Claude Opus 4.5 vs. GPT-5.2 Codex vs. Gemini 3 Pro on real-world coding tasks
Analysis
The article compares three large language models (LLMs) – Claude Opus 4.5, GPT-5.2 Codex, and Gemini 3 Pro – on real-world coding tasks within a Next.js project. The author focuses on practical feature implementation rather than benchmark scores, evaluating the models based on their ability to ship features, time taken, token usage, and cost. Gemini 3 Pro performed best, followed by Claude Opus 4.5, with GPT-5.2 Codex being the least dependable. The evaluation uses a real-world project and considers the best of three runs for each model to mitigate the impact of random variations.
Key Takeaways
- •Gemini 3 Pro showed the best performance in the coding task, excelling in caching and fallback mechanisms.

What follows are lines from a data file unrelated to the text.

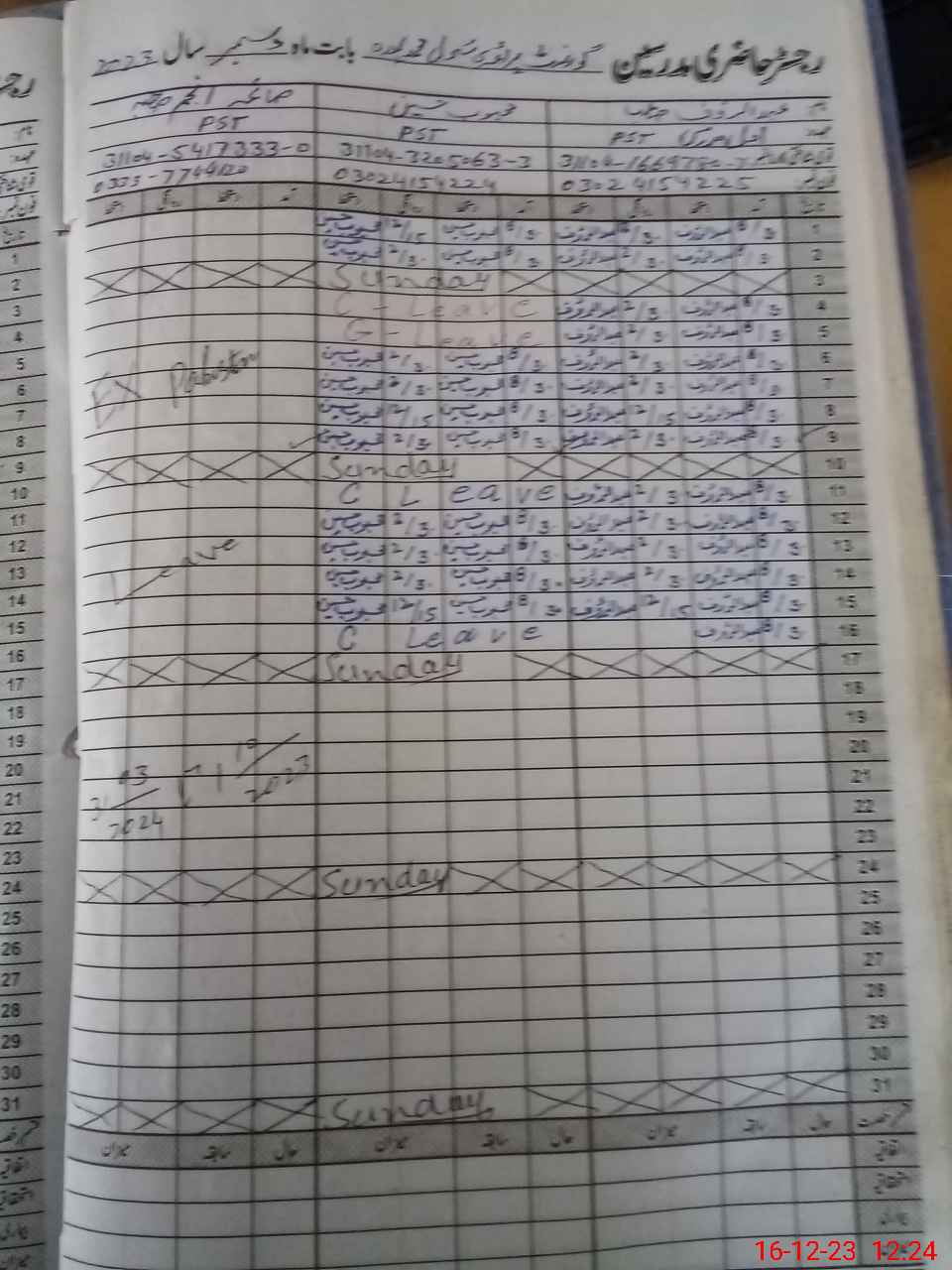 | CNIC | Full Name | Designation | R/C | Absence During Last Calender Month |
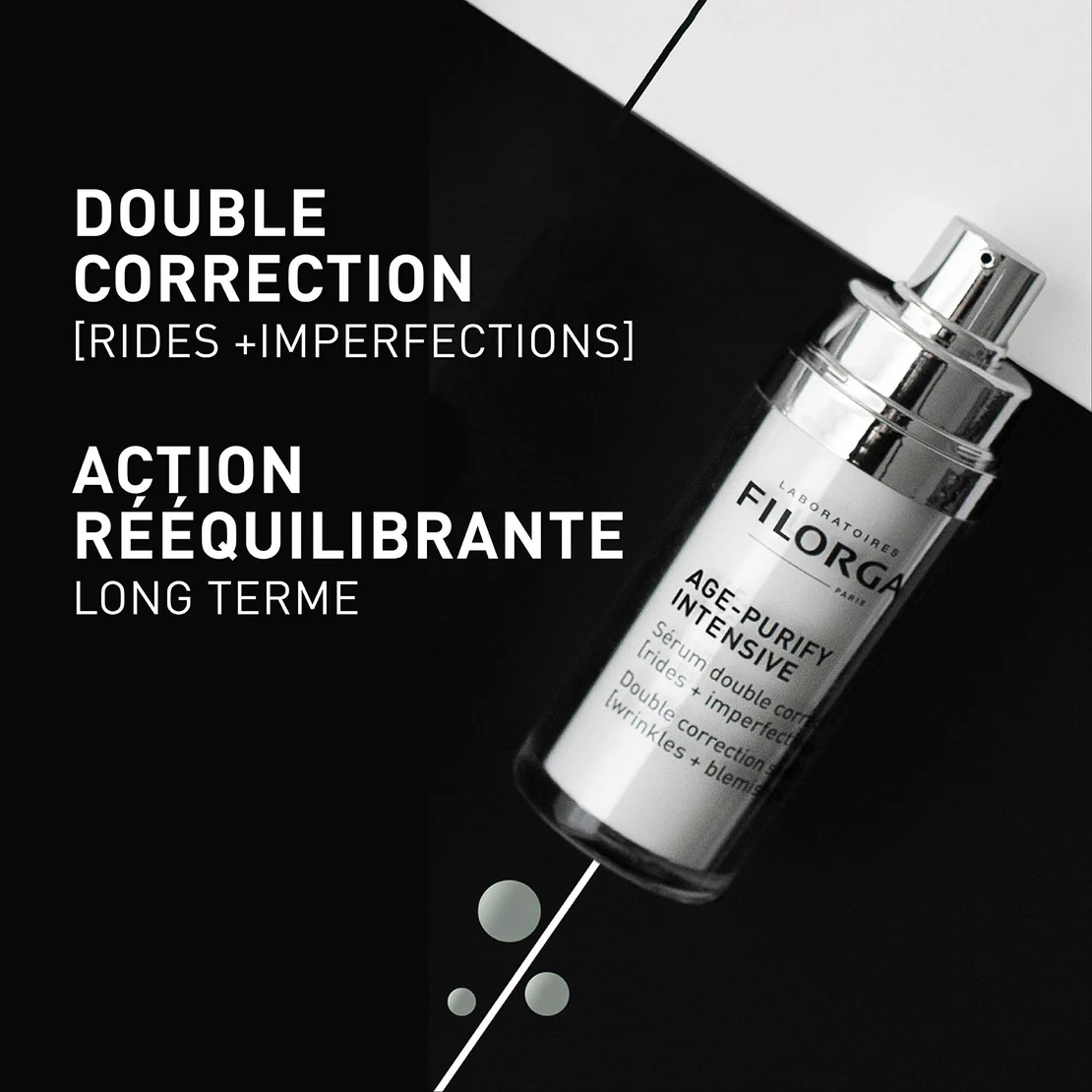AGE-PURIFY INTENSIVE, le sérum double correction anti-âge et anti-imperfections pour une peau lissée et purifiée qui répond aux problèmes de peau liés au vieillissement cutané. Idéal pour les peaux mixtes à grasses, sujettes aux imperfections.
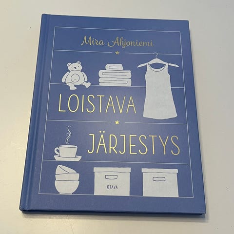 Mira Ahjoniemen kirjoittama kirja Loistava järjestys, jossa pureudutaan kodin epäjärjestykseen ja sen taltuttamiseen. Siistikuntoinen, kulmissa hieman kulumaa. Tilaa omille merkinnöille.
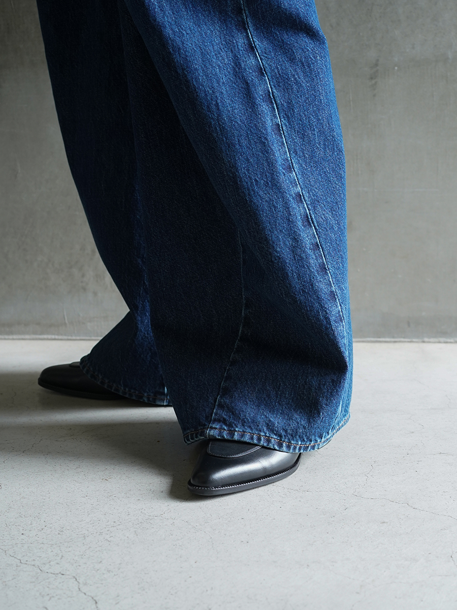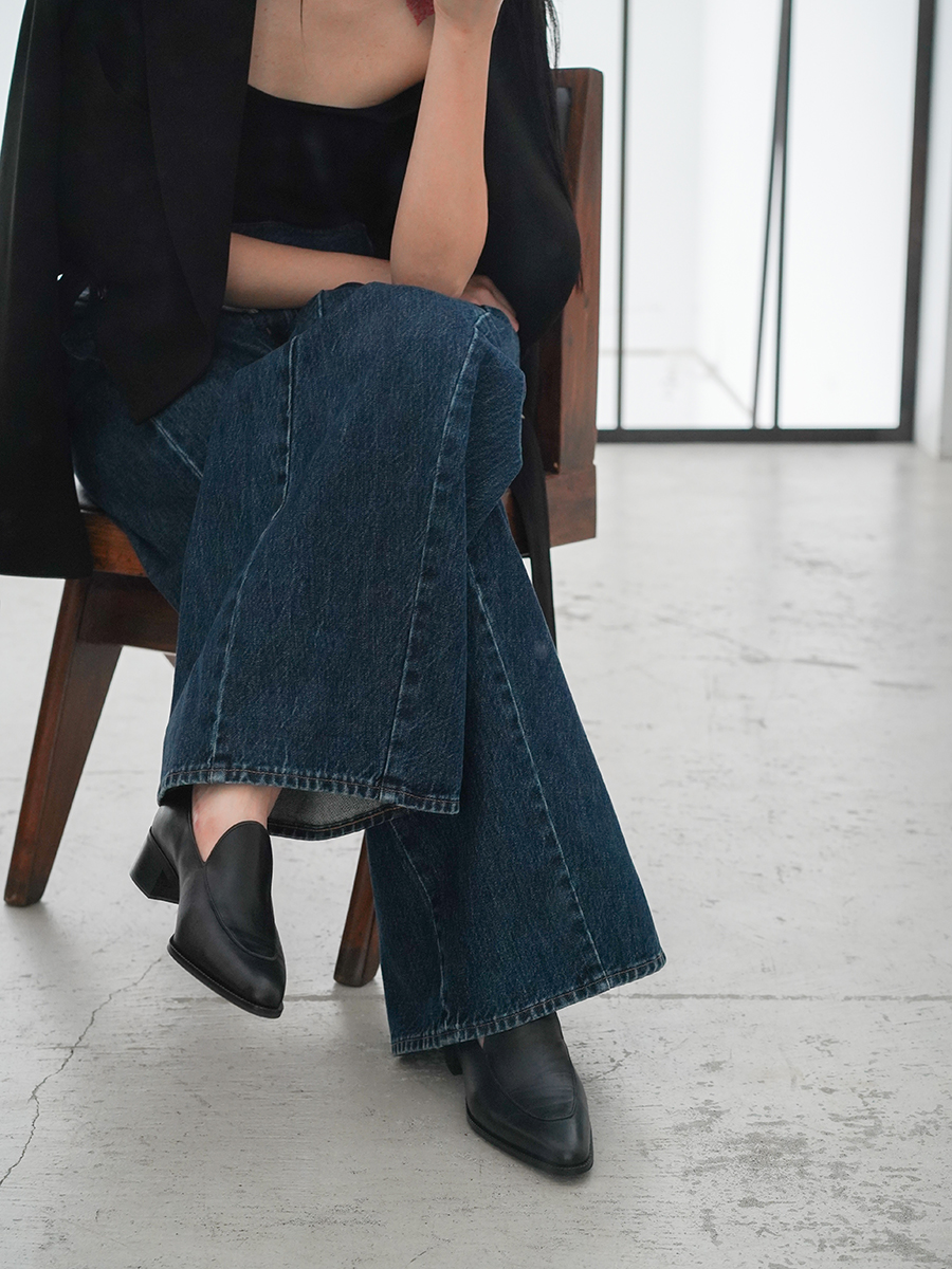 かっちりモードな印象のシューズですが、デニムアイテムと合わせてもかっこいい。

- •Claude Opus 4.5 was reliable but had some UI issues.
- •GPT-5.2 Codex was the least dependable.
- •The evaluation focused on real-world feature implementation and practical aspects like cost and time.
- •The study used a real-world Next.js project for evaluation.
“Gemini 3 Pro performed the best. It set up the fallback and cache effectively, with repeated generations returning in milliseconds from the cache. The run cost $0.45, took 7 minutes and 14 seconds, and used about 746K input (including cache reads) + ~11K output.”